Your instructions: Word for word, set down every line of the entries below from the line with "وَأَمَّا أَبُو حَنِيفَةَ" to the line with "В некоторых случаях", including both, and no other line.

Information shown:
+--
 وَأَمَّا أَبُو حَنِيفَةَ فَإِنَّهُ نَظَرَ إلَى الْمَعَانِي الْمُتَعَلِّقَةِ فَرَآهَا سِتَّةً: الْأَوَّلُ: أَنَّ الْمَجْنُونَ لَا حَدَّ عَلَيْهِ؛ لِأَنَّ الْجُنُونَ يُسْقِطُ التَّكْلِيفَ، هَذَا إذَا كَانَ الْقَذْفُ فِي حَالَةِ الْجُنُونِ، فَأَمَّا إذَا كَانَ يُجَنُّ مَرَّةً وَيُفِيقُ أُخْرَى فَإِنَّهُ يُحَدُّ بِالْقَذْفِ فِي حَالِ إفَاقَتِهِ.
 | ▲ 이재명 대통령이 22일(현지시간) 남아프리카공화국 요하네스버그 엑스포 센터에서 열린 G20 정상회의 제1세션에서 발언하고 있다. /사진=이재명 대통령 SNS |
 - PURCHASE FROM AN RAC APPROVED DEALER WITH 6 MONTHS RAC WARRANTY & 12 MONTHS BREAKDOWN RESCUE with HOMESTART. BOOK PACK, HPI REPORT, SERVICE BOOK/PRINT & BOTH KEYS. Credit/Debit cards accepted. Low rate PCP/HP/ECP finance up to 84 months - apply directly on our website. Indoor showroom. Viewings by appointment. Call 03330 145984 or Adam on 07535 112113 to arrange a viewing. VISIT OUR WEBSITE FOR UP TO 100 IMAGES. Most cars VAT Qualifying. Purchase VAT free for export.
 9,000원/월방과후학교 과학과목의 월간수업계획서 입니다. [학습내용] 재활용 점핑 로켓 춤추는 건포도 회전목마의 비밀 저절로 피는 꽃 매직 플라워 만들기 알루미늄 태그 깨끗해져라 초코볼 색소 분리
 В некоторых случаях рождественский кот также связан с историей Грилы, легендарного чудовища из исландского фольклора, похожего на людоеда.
+--
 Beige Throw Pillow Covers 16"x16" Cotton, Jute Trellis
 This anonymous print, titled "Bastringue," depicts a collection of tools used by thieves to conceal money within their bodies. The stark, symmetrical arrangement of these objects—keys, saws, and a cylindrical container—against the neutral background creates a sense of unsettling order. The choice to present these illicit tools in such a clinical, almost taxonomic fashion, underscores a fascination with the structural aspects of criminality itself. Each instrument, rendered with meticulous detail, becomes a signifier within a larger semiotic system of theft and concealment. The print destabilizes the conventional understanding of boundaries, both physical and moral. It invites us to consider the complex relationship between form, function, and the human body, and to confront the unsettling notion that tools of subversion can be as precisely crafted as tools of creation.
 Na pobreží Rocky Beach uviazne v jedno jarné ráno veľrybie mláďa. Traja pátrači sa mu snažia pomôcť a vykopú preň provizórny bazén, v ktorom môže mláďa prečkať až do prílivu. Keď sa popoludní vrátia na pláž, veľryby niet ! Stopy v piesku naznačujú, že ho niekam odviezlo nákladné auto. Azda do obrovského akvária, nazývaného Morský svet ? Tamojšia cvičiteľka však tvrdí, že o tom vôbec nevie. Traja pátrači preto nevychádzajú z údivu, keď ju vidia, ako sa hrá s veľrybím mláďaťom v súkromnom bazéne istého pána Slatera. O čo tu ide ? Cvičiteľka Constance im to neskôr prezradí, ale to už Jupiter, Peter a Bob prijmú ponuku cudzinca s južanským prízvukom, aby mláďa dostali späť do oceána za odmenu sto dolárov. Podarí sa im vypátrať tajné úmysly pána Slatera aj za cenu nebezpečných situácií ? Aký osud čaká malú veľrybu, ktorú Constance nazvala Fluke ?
+--
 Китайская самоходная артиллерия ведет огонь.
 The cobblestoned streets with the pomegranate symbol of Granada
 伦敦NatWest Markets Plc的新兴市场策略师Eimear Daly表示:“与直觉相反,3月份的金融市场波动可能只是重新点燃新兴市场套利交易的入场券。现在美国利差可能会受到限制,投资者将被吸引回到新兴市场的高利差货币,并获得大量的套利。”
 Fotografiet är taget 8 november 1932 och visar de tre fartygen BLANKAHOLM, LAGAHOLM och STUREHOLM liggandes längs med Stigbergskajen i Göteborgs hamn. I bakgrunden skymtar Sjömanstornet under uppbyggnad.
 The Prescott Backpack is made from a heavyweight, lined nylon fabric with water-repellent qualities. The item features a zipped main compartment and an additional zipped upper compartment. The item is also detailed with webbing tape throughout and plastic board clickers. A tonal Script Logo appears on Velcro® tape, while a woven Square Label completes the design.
+--
Exercise output:
 وَأَمَّا أَبُو حَنِيفَةَ فَإِنَّهُ نَظَرَ إلَى الْمَعَانِي الْمُتَعَلِّقَةِ فَرَآهَا سِتَّةً: الْأَوَّلُ: أَنَّ الْمَجْنُونَ لَا حَدَّ عَلَيْهِ؛ لِأَنَّ الْجُنُونَ يُسْقِطُ التَّكْلِيفَ، هَذَا إذَا كَانَ الْقَذْفُ فِي حَالَةِ الْجُنُونِ، فَأَمَّا إذَا كَانَ يُجَنُّ مَرَّةً وَيُفِيقُ أُخْرَى فَإِنَّهُ يُحَدُّ بِالْقَذْفِ فِي حَالِ إفَاقَتِهِ.
 | ▲ 이재명 대통령이 22일(현지시간) 남아프리카공화국 요하네스버그 엑스포 센터에서 열린 G20 정상회의 제1세션에서 발언하고 있다. /사진=이재명 대통령 SNS |
 - PURCHASE FROM AN RAC APPROVED DEALER WITH 6 MONTHS RAC WARRANTY & 12 MONTHS BREAKDOWN RESCUE with HOMESTART. BOOK PACK, HPI REPORT, SERVICE BOOK/PRINT & BOTH KEYS. Credit/Debit cards accepted. Low rate PCP/HP/ECP finance up to 84 months - apply directly on our website. Indoor showroom. Viewings by appointment. Call 03330 145984 or Adam on 07535 112113 to arrange a viewing. VISIT OUR WEBSITE FOR UP TO 100 IMAGES. Most cars VAT Qualifying. Purchase VAT free for export.
 9,000원/월방과후학교 과학과목의 월간수업계획서 입니다. [학습내용] 재활용 점핑 로켓 춤추는 건포도 회전목마의 비밀 저절로 피는 꽃 매직 플라워 만들기 알루미늄 태그 깨끗해져라 초코볼 색소 분리
 В некоторых случаях рождественский кот также связан с историей Грилы, легендарного чудовища из исландского фольклора, похожего на людоеда.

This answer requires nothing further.